(Entries taken from a collection)
**********

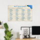 Wood and blue hydrangea seating chart poster for seating up to twelve tables, with eight (or fewer) guests at each. Light wood grain with pretty blue hydrangea bunch in the top right-hand corner. This 23 x 36 inch seating chart has black text in both script, for up to 12 table numbers, and printed text for guests' names. Married names at top in elegant and modern, hand-written font with one or two lines for date and location of celebration Tables are listed horizontally, but that is easy to change by changing the numbers using the templates. For fewer tables, simply delete sections as needed, keeping the look symmetrical. Upgrade the paper if you wish.
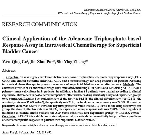 Abstract Objective: To investigate correlations between adenosine triphosphate chemotherapy response assay (ATPCRA) and clinical outcomes after ATP-CRA-based chemotherapy for drug selection in patients receiving intravesical chemotherapy to prevent recurrence of superficial bladder cancer after surgery. Methods: The chemosensitivities of 12 anticancer drugs were evaluated, including 5-Fu ADM, and EPI, using ATP-CRA and primary tumor cell culture in 54 patients. In addition, a further 58 patients were treated according to clinical experience. Differences in post–chemotherapeutical effects between drug sensitivity assay and experience groups were compared. Results: The evaluable rate of the test was 96.3%, the clinical effective rate was 80.8%, the sensitivity rate was 97.6% (41/42), the specificity was 20%, the total predicting accuracy was 74.3%, the positive predictive value was 83.7% (41/49), the negative predictive value was 66.7% (2/3); in the drug sensitivity test group, the clinical effective rate was 80.8%, the experience group response rate was 63.8%, with a significant difference in clinical effects between the ATP-based sensitivity and experience groups (χ2 =7.0153, P<0.01). Conclusion: ATP-CRA is a stable, accurate and potentially practical chemosensitivity test providing a predictor of chemotherapeutic response in patients with superficial bladder cancer.
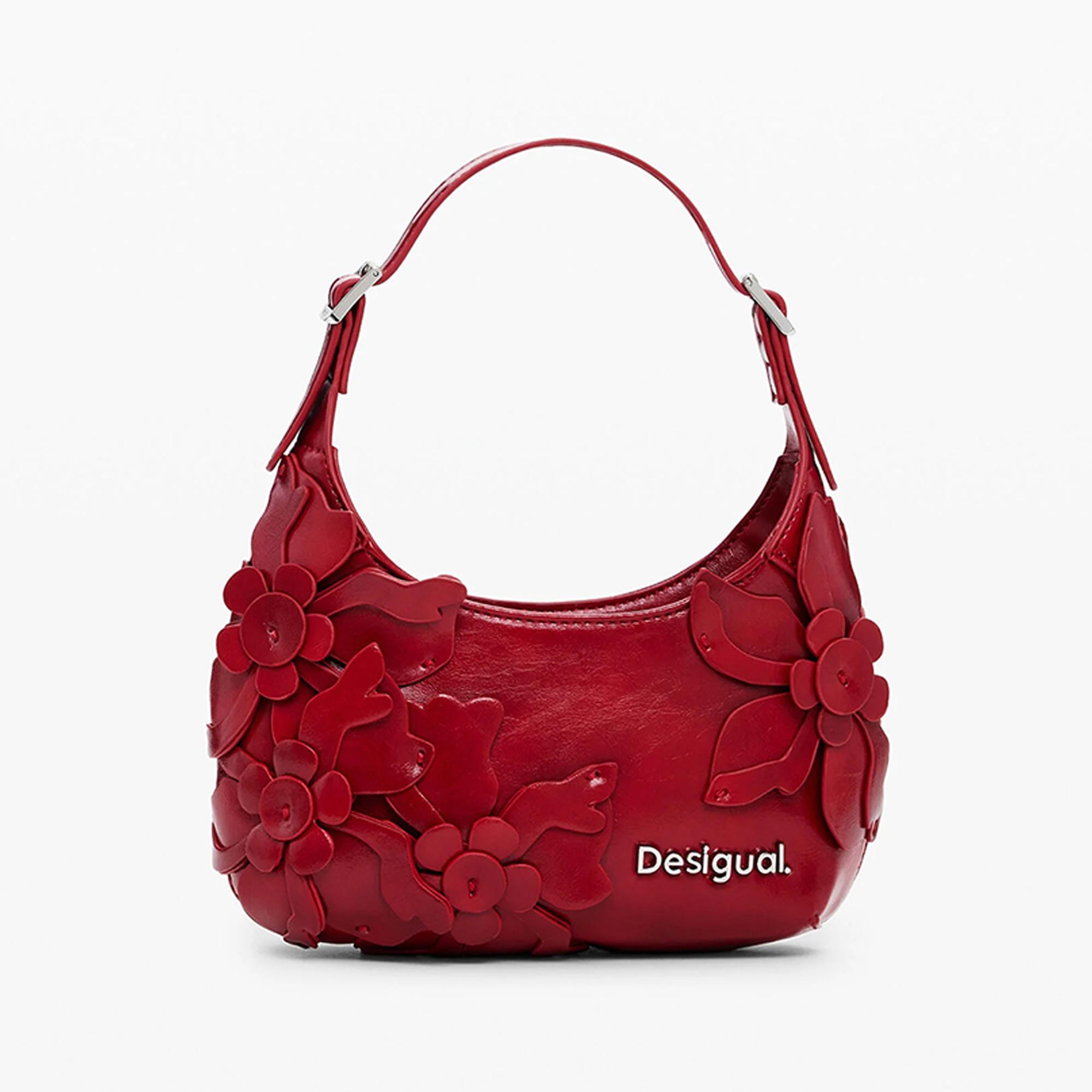 Ce sac à bandoulière présente une teinte rouge vibrante et est orné d'applications florales complexes, créant un design distinctif et accrocheur. La silhouette du sac est complétée par une bandoulière confortable, ce qui en fait un accessoire élégant pour diverses occasions. Le logo Desigual est subtilement intégré au design.
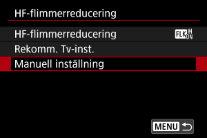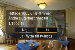 Kameran detektera ljuskällor med 50,0–2011,2 Hz och visar en lämplig slutartid för fotografering under ljuskällor som flimrar med höga frekvenser. Du kan sedan byta till den angivna slutartiden.
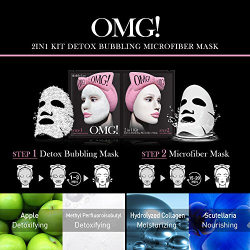 OMG! 2IN1 KIT DETOX BUBBLING MICROFIBER MASK is an effective deep cleansing skin care system as skincare begins with the essential cleansing. Small carbonated bubbles stimulate and cleanse skin by removing all traces of oil, sebum, and dead skin. STEP 1 - Detox Bubbling Mask Detox Bubbling Mask will cleanse and detoxify the face with natural ingredients. STEP 2 - Microfiber Mask Microfiber Mask will feed the skin with various nutrients, hydrolyzed collagen and plant-based stem cells to give your skin a healthier, younger looking glow.Feature

**********

**Assignment:** Please transcribe each entry exactly and exclude any image it contains.

**Response to the exercise:**
 Wood and blue hydrangea seating chart poster for seating up to twelve tables, with eight (or fewer) guests at each. Light wood grain with pretty blue hydrangea bunch in the top right-hand corner. This 23 x 36 inch seating chart has black text in both script, for up to 12 table numbers, and printed text for guests' names. Married names at top in elegant and modern, hand-written font with one or two lines for date and location of celebration Tables are listed horizontally, but that is easy to change by changing the numbers using the templates. For fewer tables, simply delete sections as needed, keeping the look symmetrical. Upgrade the paper if you wish.
 Abstract Objective: To investigate correlations between adenosine triphosphate chemotherapy response assay (ATPCRA) and clinical outcomes after ATP-CRA-based chemotherapy for drug selection in patients receiving intravesical chemotherapy to prevent recurrence of superficial bladder cancer after surgery. Methods: The chemosensitivities of 12 anticancer drugs were evaluated, including 5-Fu ADM, and EPI, using ATP-CRA and primary tumor cell culture in 54 patients. In addition, a further 58 patients were treated according to clinical experience. Differences in post–chemotherapeutical effects between drug sensitivity assay and experience groups were compared. Results: The evaluable rate of the test was 96.3%, the clinical effective rate was 80.8%, the sensitivity rate was 97.6% (41/42), the specificity was 20%, the total predicting accuracy was 74.3%, the positive predictive value was 83.7% (41/49), the negative predictive value was 66.7% (2/3); in the drug sensitivity test group, the clinical effective rate was 80.8%, the experience group response rate was 63.8%, with a significant difference in clinical effects between the ATP-based sensitivity and experience groups (χ2 =7.0153, P<0.01). Conclusion: ATP-CRA is a stable, accurate and potentially practical chemosensitivity test providing a predictor of chemotherapeutic response in patients with superficial bladder cancer.
 Ce sac à bandoulière présente une teinte rouge vibrante et est orné d'applications florales complexes, créant un design distinctif et accrocheur. La silhouette du sac est complétée par une bandoulière confortable, ce qui en fait un accessoire élégant pour diverses occasions. Le logo Desigual est subtilement intégré au design.
 Kameran detektera ljuskällor med 50,0–2011,2 Hz och visar en lämplig slutartid för fotografering under ljuskällor som flimrar med höga frekvenser. Du kan sedan byta till den angivna slutartiden.
 OMG! 2IN1 KIT DETOX BUBBLING MICROFIBER MASK is an effective deep cleansing skin care system as skincare begins with the essential cleansing. Small carbonated bubbles stimulate and cleanse skin by removing all traces of oil, sebum, and dead skin. STEP 1 - Detox Bubbling Mask Detox Bubbling Mask will cleanse and detoxify the face with natural ingredients. STEP 2 - Microfiber Mask Microfiber Mask will feed the skin with various nutrients, hydrolyzed collagen and plant-based stem cells to give your skin a healthier, younger looking glow.Feature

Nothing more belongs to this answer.